# SOURCE DATA:
=== Section Start ===

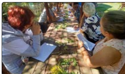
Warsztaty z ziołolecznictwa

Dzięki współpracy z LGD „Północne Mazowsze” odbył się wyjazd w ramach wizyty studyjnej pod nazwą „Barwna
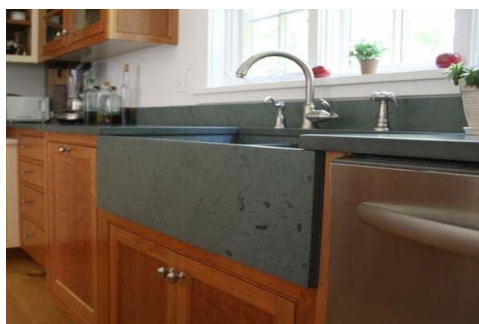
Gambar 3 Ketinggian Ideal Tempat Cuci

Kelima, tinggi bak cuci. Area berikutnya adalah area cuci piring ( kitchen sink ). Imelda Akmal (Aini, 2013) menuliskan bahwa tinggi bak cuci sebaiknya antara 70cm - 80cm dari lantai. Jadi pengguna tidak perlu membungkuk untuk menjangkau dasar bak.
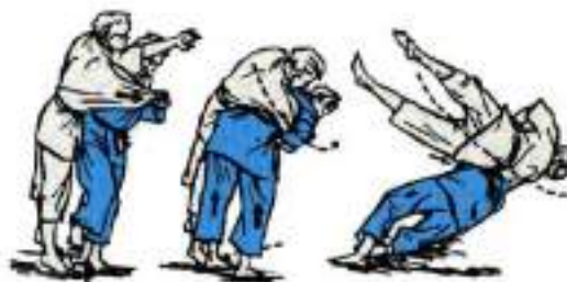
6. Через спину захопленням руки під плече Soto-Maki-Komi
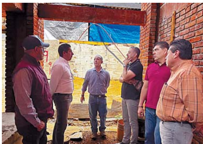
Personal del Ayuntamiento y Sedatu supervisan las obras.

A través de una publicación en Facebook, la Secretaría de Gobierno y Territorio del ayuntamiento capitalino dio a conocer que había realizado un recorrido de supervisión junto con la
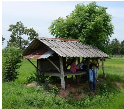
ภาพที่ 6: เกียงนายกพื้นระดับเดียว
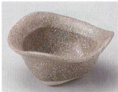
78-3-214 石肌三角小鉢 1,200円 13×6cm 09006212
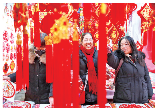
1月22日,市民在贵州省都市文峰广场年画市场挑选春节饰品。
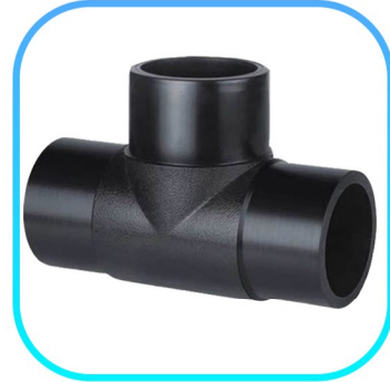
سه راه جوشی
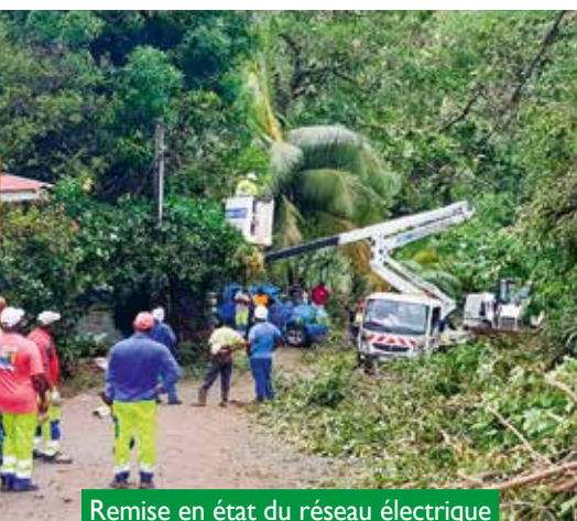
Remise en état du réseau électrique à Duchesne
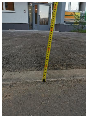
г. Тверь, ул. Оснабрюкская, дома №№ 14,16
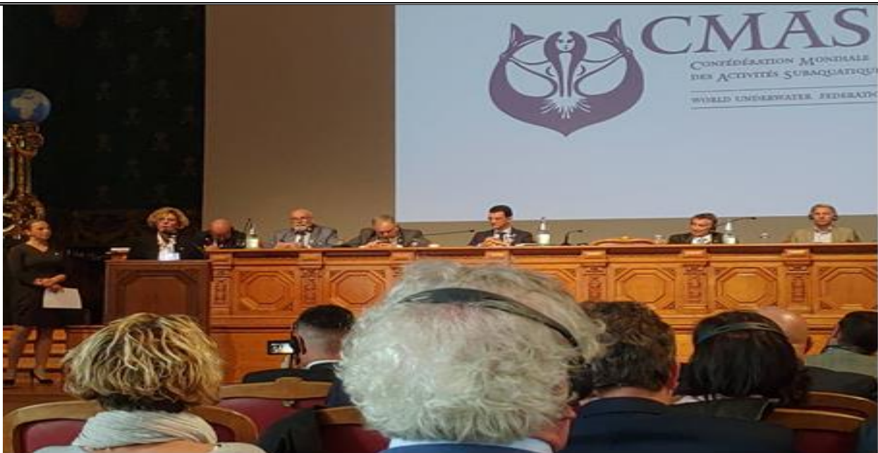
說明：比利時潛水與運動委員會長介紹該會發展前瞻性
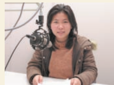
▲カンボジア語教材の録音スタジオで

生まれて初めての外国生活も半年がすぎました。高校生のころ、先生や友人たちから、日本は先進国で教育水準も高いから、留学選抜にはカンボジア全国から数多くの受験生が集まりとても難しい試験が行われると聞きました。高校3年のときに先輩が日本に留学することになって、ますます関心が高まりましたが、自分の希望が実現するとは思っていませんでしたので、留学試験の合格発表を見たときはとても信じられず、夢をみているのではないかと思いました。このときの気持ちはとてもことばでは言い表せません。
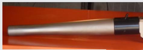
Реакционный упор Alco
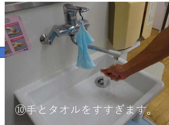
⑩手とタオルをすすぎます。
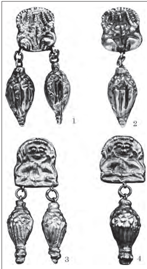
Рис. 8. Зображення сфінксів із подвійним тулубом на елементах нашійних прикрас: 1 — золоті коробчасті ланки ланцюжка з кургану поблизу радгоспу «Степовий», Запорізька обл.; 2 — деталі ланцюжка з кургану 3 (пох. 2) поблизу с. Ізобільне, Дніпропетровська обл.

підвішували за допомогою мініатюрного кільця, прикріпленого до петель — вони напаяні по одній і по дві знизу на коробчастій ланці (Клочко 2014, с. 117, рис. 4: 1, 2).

=== Section End ===
=== Section Start ===

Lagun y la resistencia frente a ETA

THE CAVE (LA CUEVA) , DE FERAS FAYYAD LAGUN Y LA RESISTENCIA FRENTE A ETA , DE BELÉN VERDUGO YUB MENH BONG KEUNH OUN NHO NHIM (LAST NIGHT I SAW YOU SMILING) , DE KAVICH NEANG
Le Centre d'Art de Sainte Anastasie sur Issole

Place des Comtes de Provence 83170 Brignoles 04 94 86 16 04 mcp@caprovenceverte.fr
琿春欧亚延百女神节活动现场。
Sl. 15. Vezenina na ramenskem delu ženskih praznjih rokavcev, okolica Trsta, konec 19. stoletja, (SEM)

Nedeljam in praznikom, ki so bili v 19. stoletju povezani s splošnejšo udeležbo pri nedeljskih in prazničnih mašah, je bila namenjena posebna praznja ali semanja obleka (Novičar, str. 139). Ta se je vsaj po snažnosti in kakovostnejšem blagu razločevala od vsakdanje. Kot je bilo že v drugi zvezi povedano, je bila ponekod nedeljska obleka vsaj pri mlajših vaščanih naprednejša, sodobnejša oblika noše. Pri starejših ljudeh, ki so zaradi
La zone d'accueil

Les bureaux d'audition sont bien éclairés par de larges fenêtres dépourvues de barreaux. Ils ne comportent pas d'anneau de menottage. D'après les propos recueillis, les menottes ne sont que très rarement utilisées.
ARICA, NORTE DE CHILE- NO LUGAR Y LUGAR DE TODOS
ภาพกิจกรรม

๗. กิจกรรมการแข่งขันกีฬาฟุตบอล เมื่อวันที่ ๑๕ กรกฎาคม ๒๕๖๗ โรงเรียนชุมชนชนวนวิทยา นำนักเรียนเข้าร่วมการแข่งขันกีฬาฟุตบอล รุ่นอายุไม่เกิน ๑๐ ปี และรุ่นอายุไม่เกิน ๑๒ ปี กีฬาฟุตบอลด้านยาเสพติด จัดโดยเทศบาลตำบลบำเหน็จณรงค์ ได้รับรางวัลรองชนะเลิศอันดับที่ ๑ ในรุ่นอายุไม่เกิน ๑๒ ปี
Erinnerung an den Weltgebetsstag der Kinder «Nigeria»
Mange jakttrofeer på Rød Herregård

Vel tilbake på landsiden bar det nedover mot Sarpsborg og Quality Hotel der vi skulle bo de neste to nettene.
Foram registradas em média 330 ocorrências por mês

=== Section End ===
=== Section Start ===

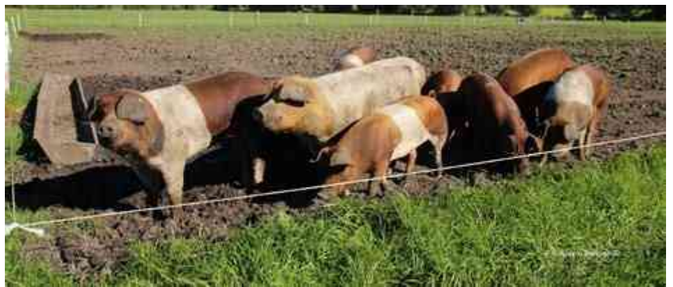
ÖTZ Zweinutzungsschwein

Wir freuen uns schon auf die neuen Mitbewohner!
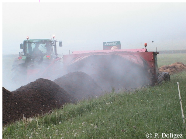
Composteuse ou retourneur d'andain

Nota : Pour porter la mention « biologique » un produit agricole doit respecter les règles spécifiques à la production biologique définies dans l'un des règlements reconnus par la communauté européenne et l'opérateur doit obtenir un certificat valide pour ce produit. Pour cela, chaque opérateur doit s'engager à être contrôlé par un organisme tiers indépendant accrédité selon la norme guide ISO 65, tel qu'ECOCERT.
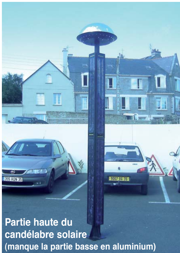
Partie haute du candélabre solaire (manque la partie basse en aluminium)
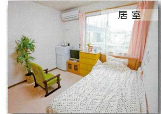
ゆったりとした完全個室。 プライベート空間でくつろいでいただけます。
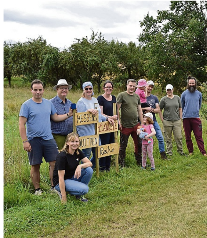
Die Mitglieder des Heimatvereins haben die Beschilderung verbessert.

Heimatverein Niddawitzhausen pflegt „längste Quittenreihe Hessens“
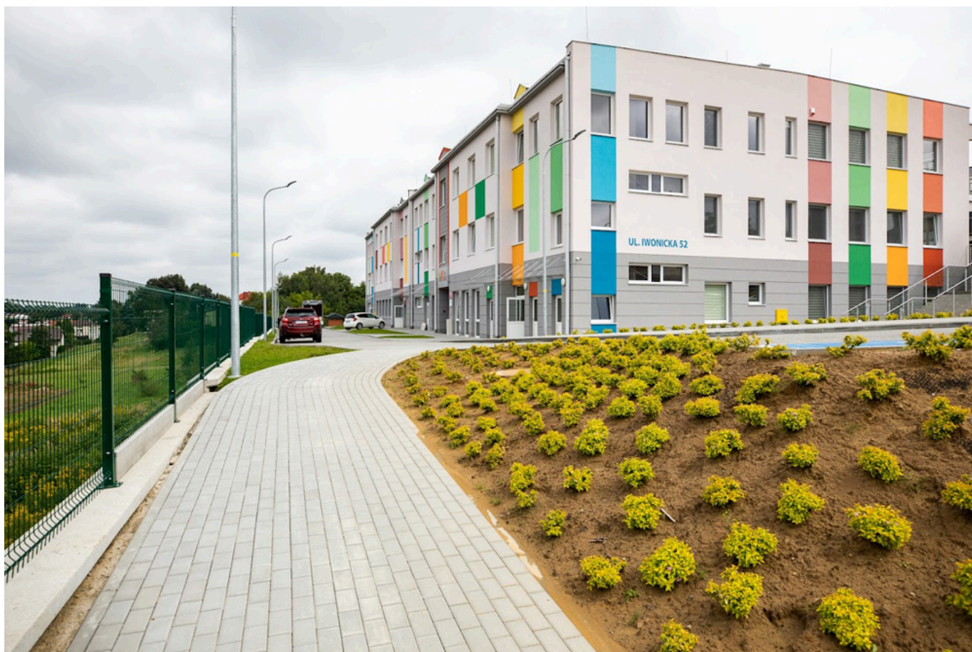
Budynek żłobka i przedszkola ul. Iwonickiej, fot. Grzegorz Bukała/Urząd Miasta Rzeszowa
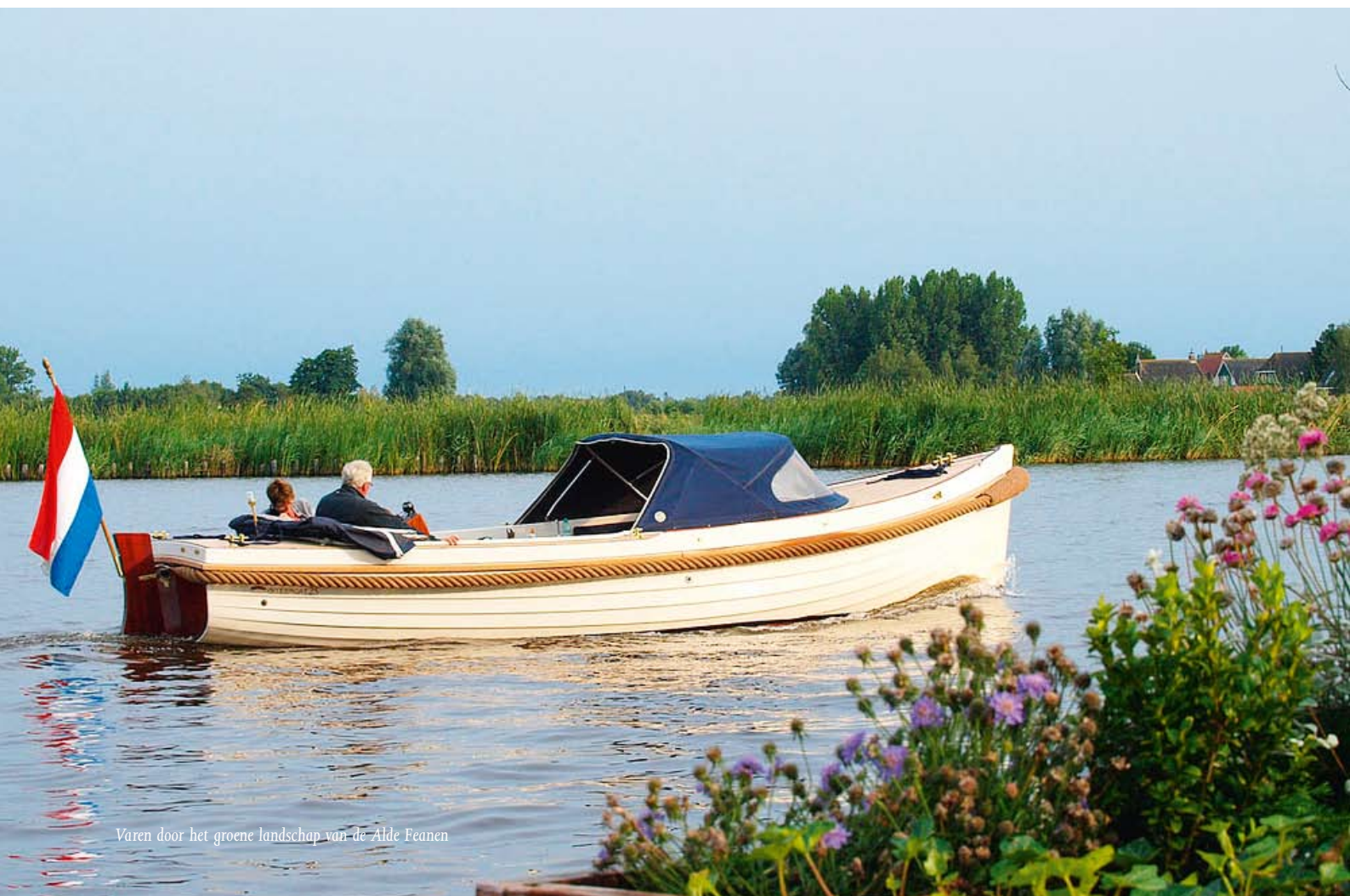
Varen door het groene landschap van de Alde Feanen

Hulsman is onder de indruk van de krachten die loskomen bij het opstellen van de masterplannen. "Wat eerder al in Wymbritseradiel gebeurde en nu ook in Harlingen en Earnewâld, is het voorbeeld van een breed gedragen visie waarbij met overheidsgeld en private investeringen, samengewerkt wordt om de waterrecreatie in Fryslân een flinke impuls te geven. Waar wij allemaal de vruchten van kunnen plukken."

=== Section End ===

Using the entries above, reproduce word for word only the lines from the one that contains "⑩手とタオルをすすぎます。" to the one that contains "Рис. 8. Зображення", both ends included, and drop every picture.

⑩手とタオルをすすぎます。
Рис. 8. Зображення сфінксів із подвійним тулубом на елементах нашійних прикрас: 1 — золоті коробчасті ланки ланцюжка з кургану поблизу радгоспу «Степовий», Запорізька обл.; 2 — деталі ланцюжка з кургану 3 (пох. 2) поблизу с. Ізобільне, Дніпропетровська обл.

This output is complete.